+++ Supplied information
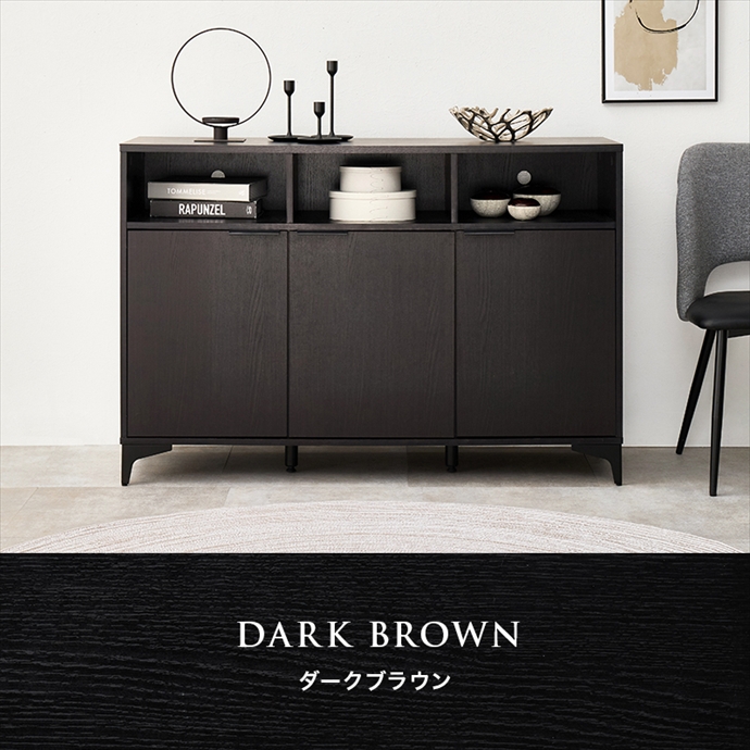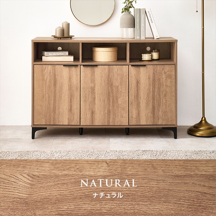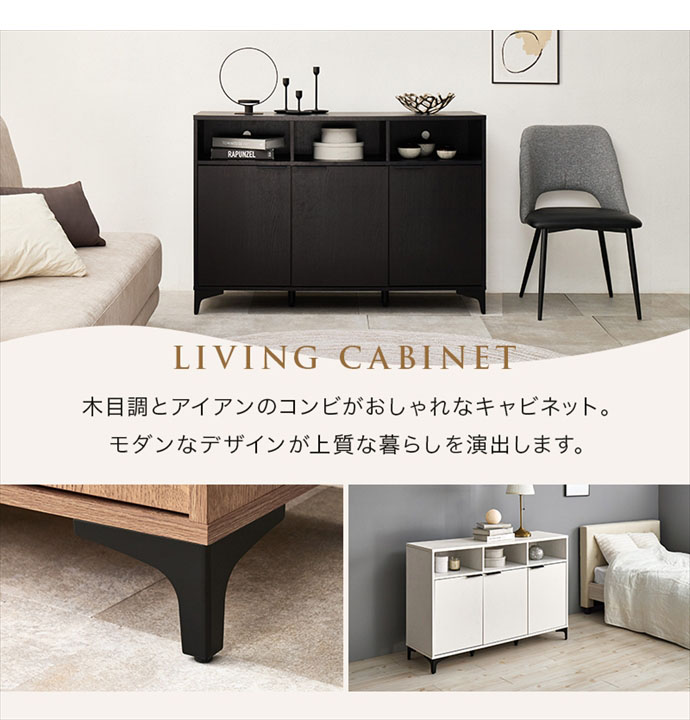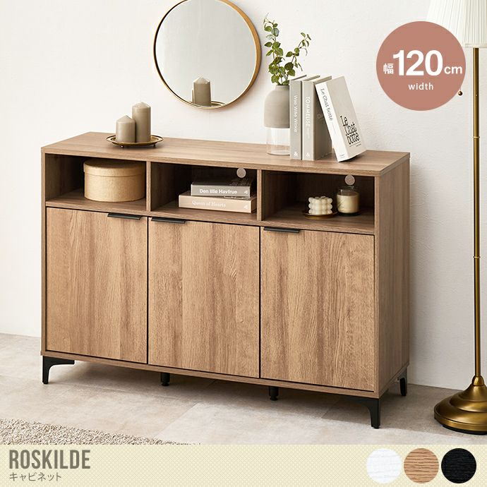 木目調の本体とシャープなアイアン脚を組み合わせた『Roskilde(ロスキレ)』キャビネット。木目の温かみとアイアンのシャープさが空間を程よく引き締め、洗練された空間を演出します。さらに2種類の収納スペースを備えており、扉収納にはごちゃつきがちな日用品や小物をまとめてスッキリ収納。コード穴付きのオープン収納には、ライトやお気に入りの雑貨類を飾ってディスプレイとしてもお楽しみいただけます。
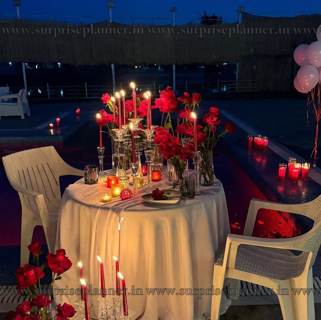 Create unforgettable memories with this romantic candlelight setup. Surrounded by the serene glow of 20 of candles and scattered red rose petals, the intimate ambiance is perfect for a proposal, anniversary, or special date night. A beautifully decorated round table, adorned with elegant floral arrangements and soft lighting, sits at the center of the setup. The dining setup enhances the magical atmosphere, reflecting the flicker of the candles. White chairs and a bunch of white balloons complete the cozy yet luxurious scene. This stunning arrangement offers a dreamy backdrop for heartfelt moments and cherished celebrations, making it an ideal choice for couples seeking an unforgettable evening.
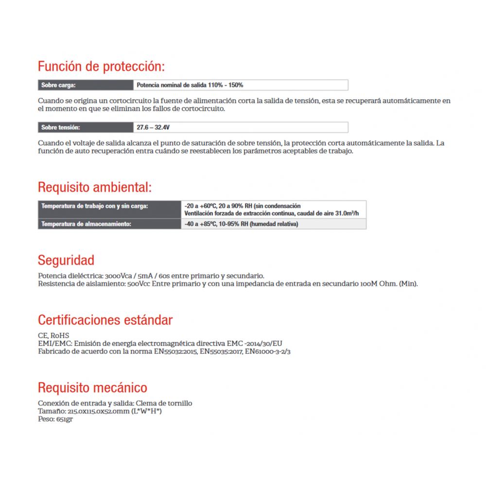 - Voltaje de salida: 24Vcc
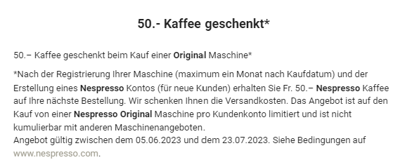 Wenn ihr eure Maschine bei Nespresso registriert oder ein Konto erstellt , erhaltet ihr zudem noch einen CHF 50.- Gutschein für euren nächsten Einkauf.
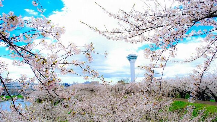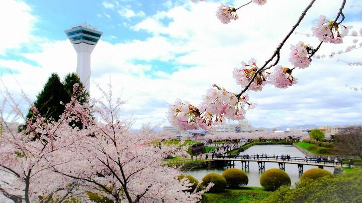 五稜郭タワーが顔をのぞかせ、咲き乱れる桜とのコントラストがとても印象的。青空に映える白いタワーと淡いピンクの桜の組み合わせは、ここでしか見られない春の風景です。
++++++
The copy you output must match the entries above exactly, except that it has no pictures.

 木目調の本体とシャープなアイアン脚を組み合わせた『Roskilde(ロスキレ)』キャビネット。木目の温かみとアイアンのシャープさが空間を程よく引き締め、洗練された空間を演出します。さらに2種類の収納スペースを備えており、扉収納にはごちゃつきがちな日用品や小物をまとめてスッキリ収納。コード穴付きのオープン収納には、ライトやお気に入りの雑貨類を飾ってディスプレイとしてもお楽しみいただけます。
 Create unforgettable memories with this romantic candlelight setup. Surrounded by the serene glow of 20 of candles and scattered red rose petals, the intimate ambiance is perfect for a proposal, anniversary, or special date night. A beautifully decorated round table, adorned with elegant floral arrangements and soft lighting, sits at the center of the setup. The dining setup enhances the magical atmosphere, reflecting the flicker of the candles. White chairs and a bunch of white balloons complete the cozy yet luxurious scene. This stunning arrangement offers a dreamy backdrop for heartfelt moments and cherished celebrations, making it an ideal choice for couples seeking an unforgettable evening.
 - Voltaje de salida: 24Vcc
 Wenn ihr eure Maschine bei Nespresso registriert oder ein Konto erstellt , erhaltet ihr zudem noch einen CHF 50.- Gutschein für euren nächsten Einkauf.
 五稜郭タワーが顔をのぞかせ、咲き乱れる桜とのコントラストがとても印象的。青空に映える白いタワーと淡いピンクの桜の組み合わせは、ここでしか見られない春の風景です。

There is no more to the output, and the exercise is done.